Photography has gone through a number of different technical incarnations in its almost 200-year history. The earliest surviving photograph was taken by Nicéphore Niépce in 1826 from his window in Saint-Loup-de Varennes, France. Niépce, his collaborator Louis Daguerre and early pioneer William Henry Fox Talbot experimented with a number of techniques including using lavender oil, pewter plate, silver coated copper and iodine and bees-wax coated paper, as a result the early history of photography is populated by numerous scientific experiments, successes and failures.
Some of the most prominent photographic processes include:
The Daguerreotype, announced in 1839, is an early form of photography which is made on a silver-plated metal sheet and typically has a silver sheen to it. Daguerreotypes are often kept under glass and have a positive or negative appearance depending on the angle of view.
The Albumen Print, which was popular from 1850, is made from paper coated in egg white, salts and silver nitrate exposed to a negative and sunlight; they and are often stuck onto a mount or other surface. Cartes de visite are most often albumen prints.
Wet and Dry Glass Plate printing, introduced from 1851, involves a sheet of hand-coated glass which is developed while still wet. By 1860 it had mostly taken over as a popular technique. By the 1880s it was largely replaced by the gelatin dry-plate, also produced on glass.
Carbon Printing was introduced from 1864; they have a matt finish and are printed in a variety of black and white tones, produced on a paper with a light-sensitive gelatin.
Platinum Printing was first patented in 1873 and was popular until the 1920s by which time the price of platinum had rocketed. Platinum prints were made on paper using iron salts and platinum compound exposed to daylight. They are highly valued for their tonal depth and range and the stable quality of the process.
Other techniques and modern prints fall into numerous categories including black and white Silver Gelatin prints, C-Types, Dye-Transfer and Digital Images, and a number of alt-techniques.
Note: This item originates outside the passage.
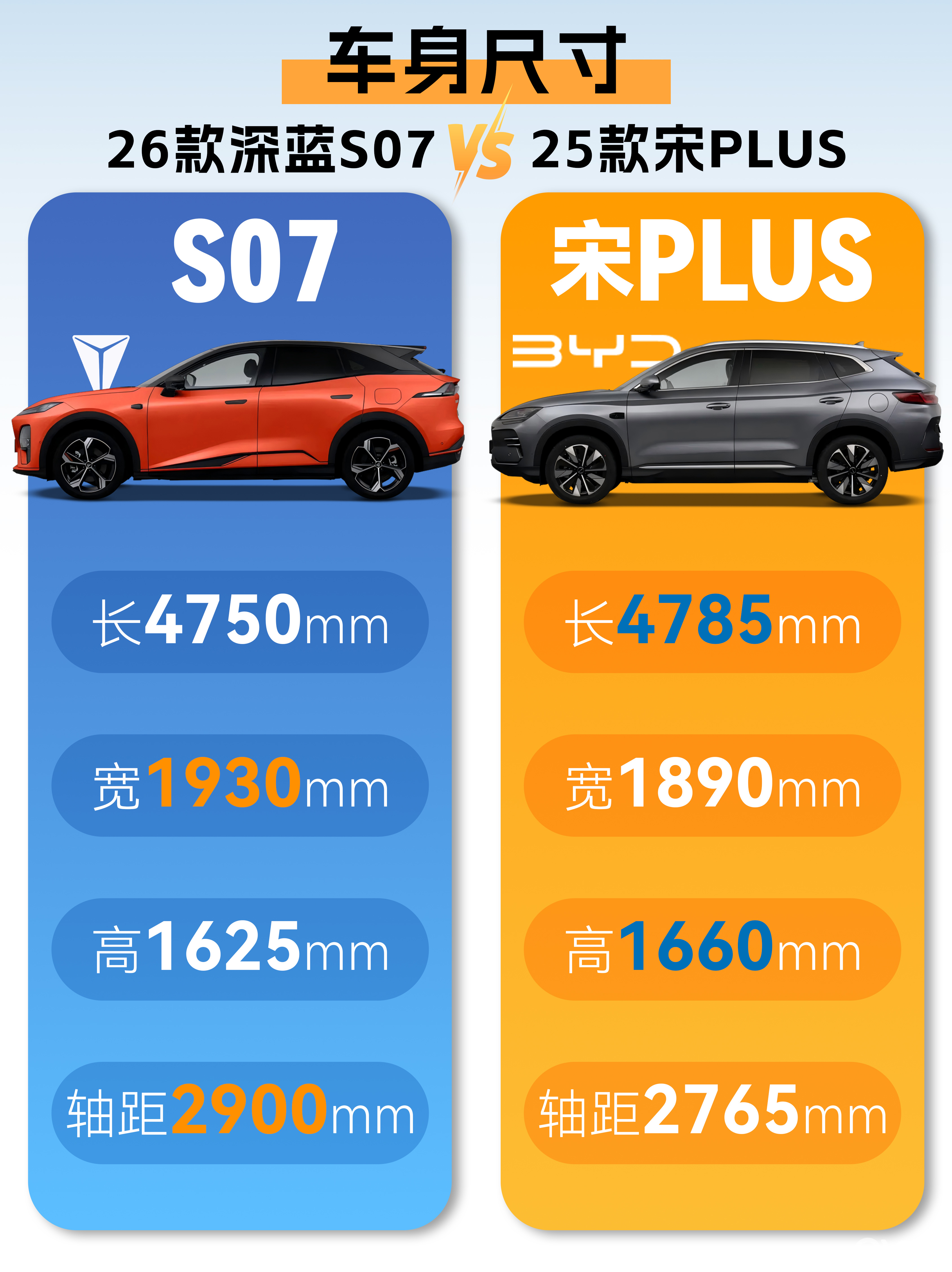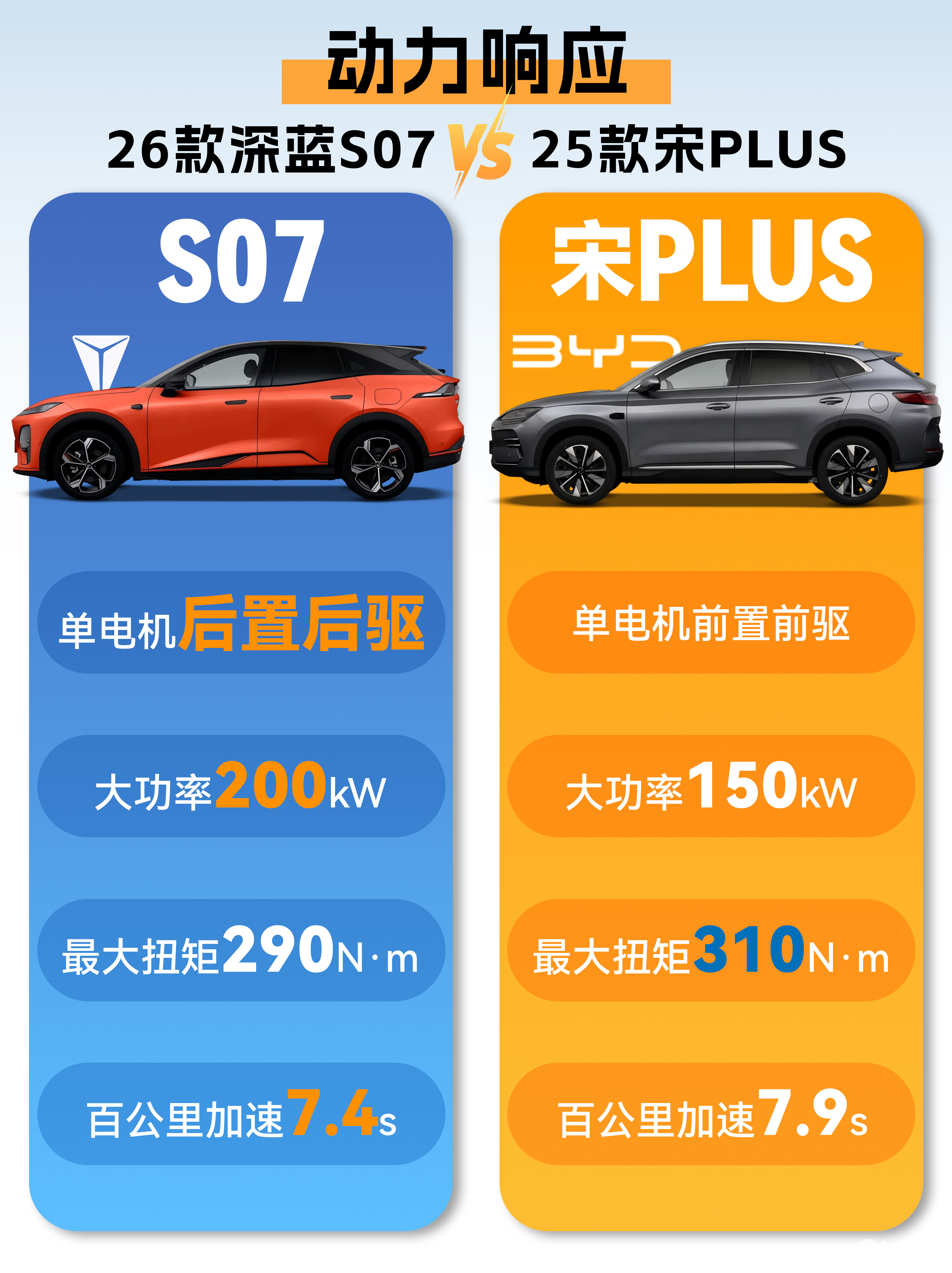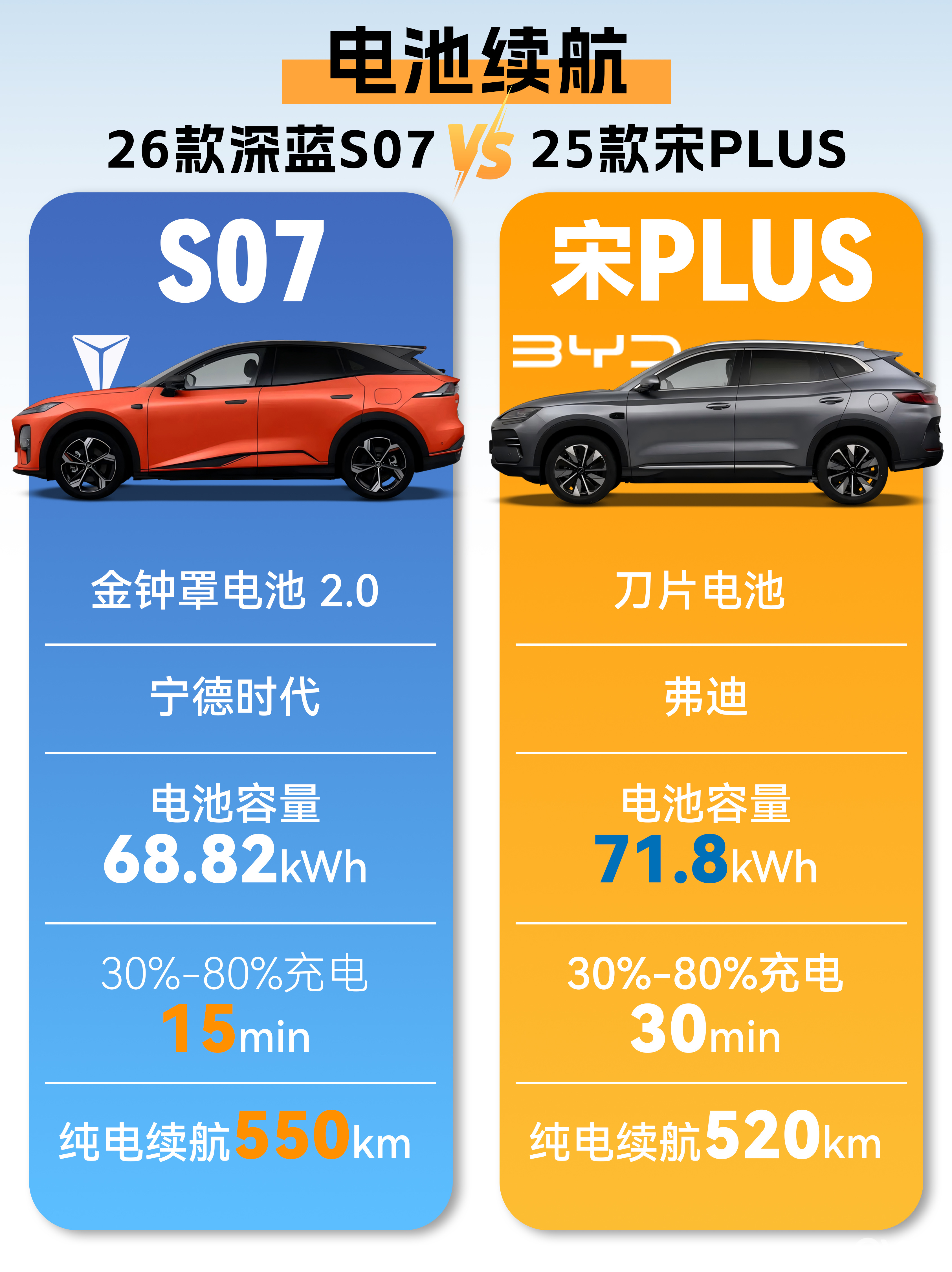 26款深蓝S07再动力上有所升级,从原来的最大功率190kW(258马力)的后置单电机,升级到了最大功率200kW(272马力),最大扭矩290N·m,官方百公里加速时间冲原来的7.6秒升级到了7.4s,动力响应更为迅猛,驾控体验进一步提升。宋PLUS搭载前置单电机,最大功率150kW(204马力),最大扭矩310N·m,官方百公里加速时间7.9s。相较宋PLUS较为保守的动力调校,深蓝S07在城市与高速场景下均展现出更强的加速性能与行驶稳定性,满足用户对高效电驱的更高需求。 深蓝S07纯电版全系搭载宁德时代电芯的68.82度金钟罩电池 2.0,CLTC纯电续航从520公里,升级到了550公里,全系标配3C超充,电池从30%-80%充电时间只要15分钟,高速上开车累了,停在休息区喝杯咖啡的时间就又能上路了。宋PLUS搭载自家弗迪电芯的71.8度磷酸铁锂刀片电池,CLTC纯电续航520公里,没有3C充电倍率,所以电池从30%-80%充电时间是30分钟。不要小瞧这15分钟的充电时间差距,充电速度直接影响用车便利性的,日常城市用车可以在上个厕所、买杯咖啡的时间,就可以快速补能到80%,不用刻意去充电。如果遇到紧急情况需要赶路时,15分钟快速充电功能也可解燃眉之急,这样的充电速度和续航表现,无疑为深蓝S07的用户带来了便利性。

A good place to learn about these techniques in more detail is the Victoria & Albert Museum website which lists techniques and processes. The Getty Museum and George Eastman House, USA both have a series of youtube films on the history of photographic processes. A number of excellent books have been published on the topic of technique including Photographs of the Past: Process and Preservation, by Bertrand Lavedrine (Getty, 2009). The Getty Conservation Institute has a number of excellent resources including the Atlas of Analytical Signatures of Photographic Processes which explains photographic history and its processes clearly, with free pdfs to download.